Useful Regular Expressions for data quality

Data quality regular expressions

You will find here a few useful REGEX that I have found or written, they can be used easily to validate values within data by using the REGEX() function in Datamartist.

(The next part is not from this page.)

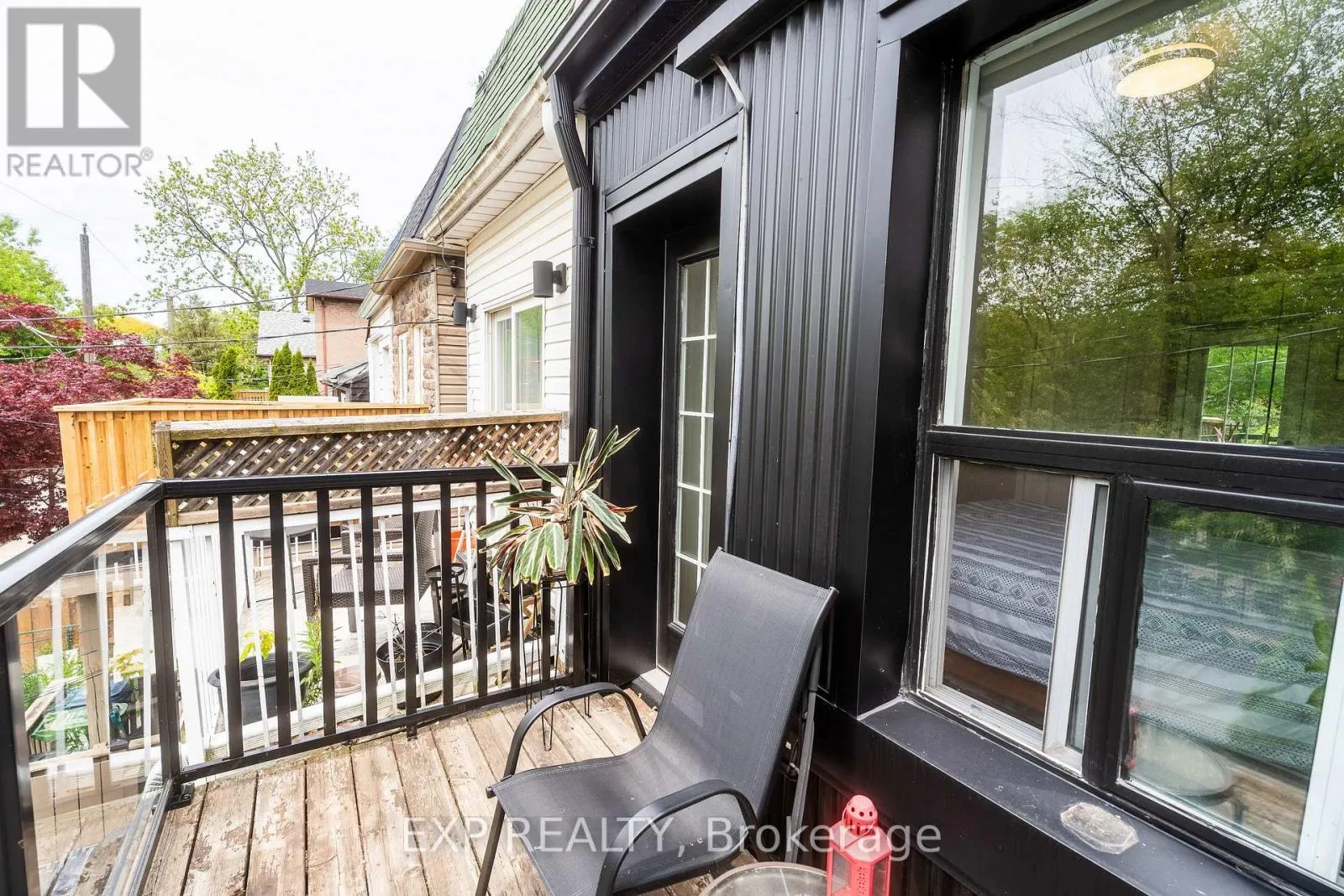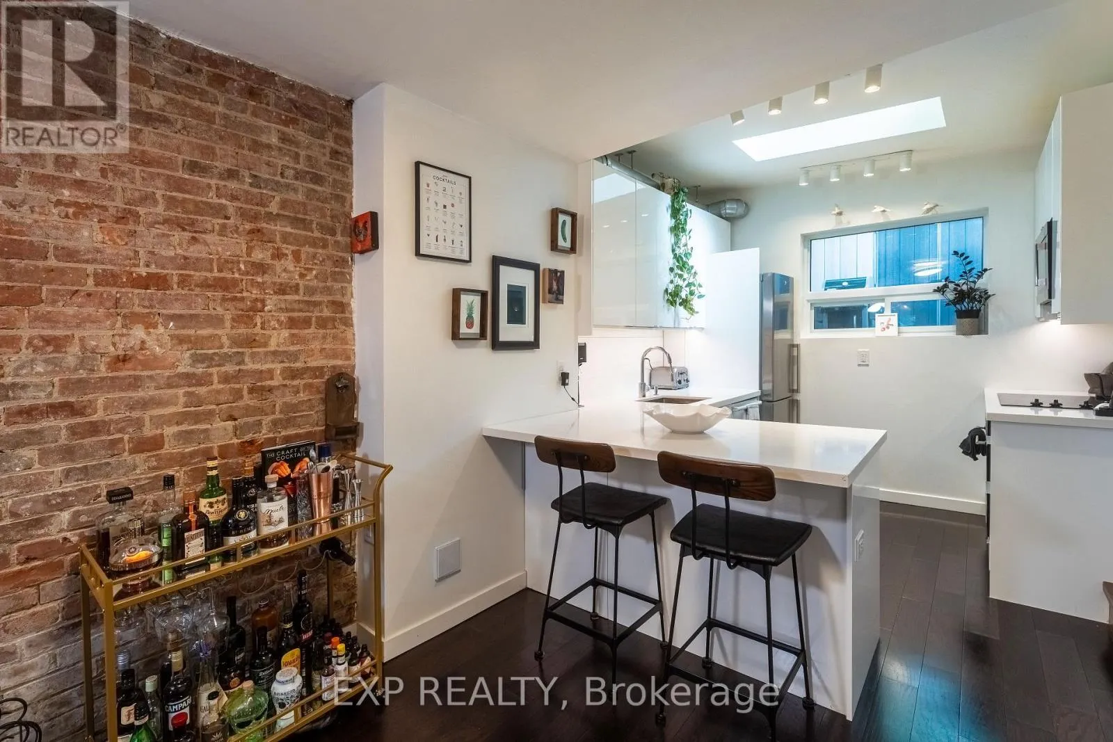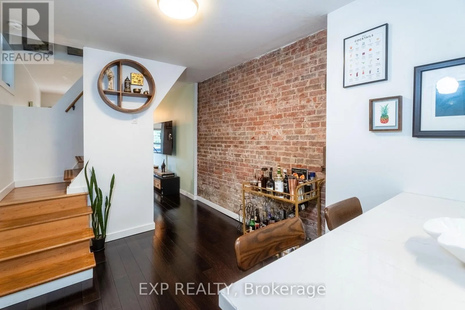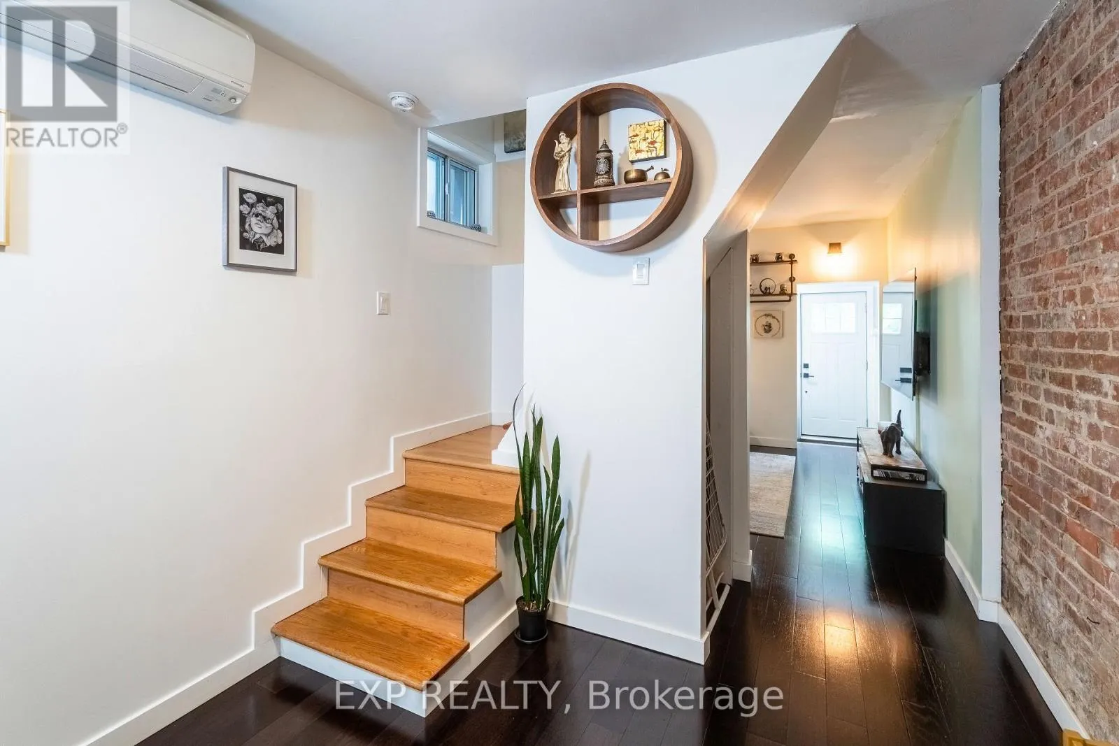 Cross Streets: Gerrard & Coxwell. ** Directions: https://maps.app.goo.gl/ZPGXFrrJLGEPwF8n6. Why settle for a condo when you can own a freehold home in one of Toronto's most vibrant east end neighbourhoods? Welcome to 819 Craven Rd, a stylish, renovated semi-detached home that offers all the benefits of a 2-bedroom condo without the monthly maintenance fees or shared walls above or below. Inside, you'll find warm hardwood floors throughout, a light-filled front Sun Room with heated flooring, and a beautifully upgraded kitchen with quartz countertops, stainless steel appliances, and a breakfast bar. The open-concept living and dining area is anchored by a striking exposed brick feature wall - adding warmth, texture, and a touch of urban charm that sets this home apart. Upstairs features two bright bedrooms, including a primary with a walk-out balcony and large closet. The spa-like 4-piece bathroom includes heated floors for extra comfort. Outside, relax or entertain on your private backyard patio; your own slice of outdoor space in the city. Located steps to transit, parks, shops, and restaurants, this home is perfect for anyone looking at a condo but would rather own a free-hold property, first-time buyers, downsizers, or anyone looking for that hard-to-find blend of style, character, and full homeownership in Toronto. (id:27476)

For example, here is a simple expression that validates if a string contains a valid Canadian postal code or not:

^[ABCEGHJKLMNPRSTVXY]{1}\d{1}[A-Z]{1} *\d{1}[A-Z]{1}\d{1}$

If in Datamartist you have a column called “PostalCode” in a data set, you can add a column called “ValidCanPC”, for example, using the following expression:

REGEX([PostalCode],”^[ABCEGHJKLMNPRSTVXY]{1}\d{1}[A-Z]{1} *\d{1}[A-Z]{1}\d{1}$”)

Combining REGEX

To combine more than one regular expression, you can either add the expressions together using the regex “OR” operator which is “|”, or you can use the OR function to combine two REGEX() functions.

For example, to determine if a postal code is either a valid Canadian postal code, OR a valid US postal code, you can use the following:

REGEX([PostalCode],”^\d{5}(-\d{4})?$|^[ABCEGHJKLMNPRSTVXY]{1}\d{1}[A-Z]{1} *\d{1}[A-Z]{1}\d{1}$”)

Where the “|” you see divides the two regex, the first shorter one being that for the US postal codes.

Find below some more regular expressions you might find useful (Please note, while I have tested many of these, I can’t vouch for complete accuracy- “Caveat Emptor” and please let me know if you find any issues (or have an improved version)- never assume any regex is infallible- depending on what they are trying to detect, false positives and false negatives are of course possible.

In a way, far from being a cure all for data validation, regular expressions underline how difficult it is- but they are a useful tool.

Postal Codes

Canada

^[abceghjklmnprstvxyABCEGHJKLMNPRSTVXY][0-9][abceghjklmnprstvwxyzABCEGHJKLMNPRSTVWXYZ][ ]?[0-9][[abceghjklmnprstvwxyzABCEGHJKLMNPRSTVWXYZ][0-9]

US

^\d{5}(-\d{4})?$

United Kingdom

^([A-PR-UWYZa-pr-uwyz0-9][A-HK-Y0-9][AEHMNPRTVXYaehmnprtvxy0-9]?[ABEHMNPRVWXYabehmnprvwxy0-9]? {1,2}[0-9][ABD-HJLN-UW-Zabd-hjln-uw-z]{2}|GIR 0AA)$

Email Address

^([a-zA-Z0-9_\-\.]+)@((\[[0-9]{1,3}\.[0-9]{1,3}\.[0-9]{1,3}\.)|(([a-zA-Z0-9\-]+\.)+))([a-zA-Z]{2,4}|[0-9]{1,3})(\]?)$

Phone Number

This one is a real killer- so many different ways to write phone numbers, and so many different formats- just a few examples;

North American phone numbers (allows an “x” and extension on the end):

^[1]?[ ]?[\\(]{0,1}([0-9]){3}[\\)]{0,1}[ ]?([0-9]){3}[ ]?[-]?[ ]?([0-9]){4}[ ]?([xX][ ]?[0-9]{1,5})?$

UK Phone numbers

(\s*\(?0\d{4}\)?\s*\d{6}\s*)|(\s*\(?0\d{3}\)?\s*\d{3}\s*\d{4}\s*)

Web page URI

^(http\://)?[a-zA-Z0-9\-\.]+\.[a-zA-Z]{2,6}(/\S*)?$

Dates

This one is obviously a huge one, considering how many different formats their are- here is an example of just one format, yyyy-mm-dd. Obviously, while a universal date detector is probably not something you’d want to try to build, as you have specific needs building patterns provides a handy way to validate strings.

^(19|20)\d\d[- /.](0[1-9]|1[012])[- /.](0[1-9]|[12][0-9]|3[01])$